I haven't seen any papers using model-based RL for language modeling yet, but it's starting to work well in more traditional RL domains like game-playing. (dreamerv3, TD-MPC2)
How would such a loss function work for a chat-like objective?
I think a natural way to do it would be simultaneously train the same model to predict user responses by negative log likelihood on chat data while optimizing the assistant responses to maximize a reward signal. Then you could have the language model generate imagined user responses and optimize the reward signal on the imagined user responses, perhaps in addition to the actual dataset of user interactions. This could be more powerful than conventional RLHF as the model could generate multi step interactions and optimize its responses for utility over multiple steps rather than greedily based on human preference for the immediate response. One tricky question in this case is the reward signal.

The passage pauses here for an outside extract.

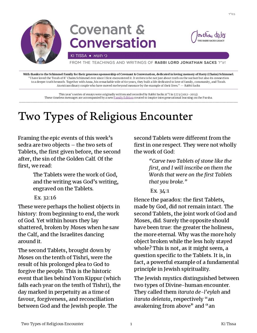 With thanks to the Schimmel Family for their generous sponsorship of Covenant & Conversation, dedicated in loving memory of Harry (Chaim) Schimmel.

If it comes from human feedback then naively you might need to get human preferences over entire dialogues rather than single responses which is both more labour intensive and a sparser signal for training.
Wouldn't this just constitute to the model sort of overfitting to noise?
It’s a risk if your model can’t accurately predict user responses, but I don’t see how it’s a necessary characteristic of the approach. If so the same issue would apply to model based RL in general no? Unless you are suggesting something special about language modelling or user responses which makes it fundamentally hard to learn a model of.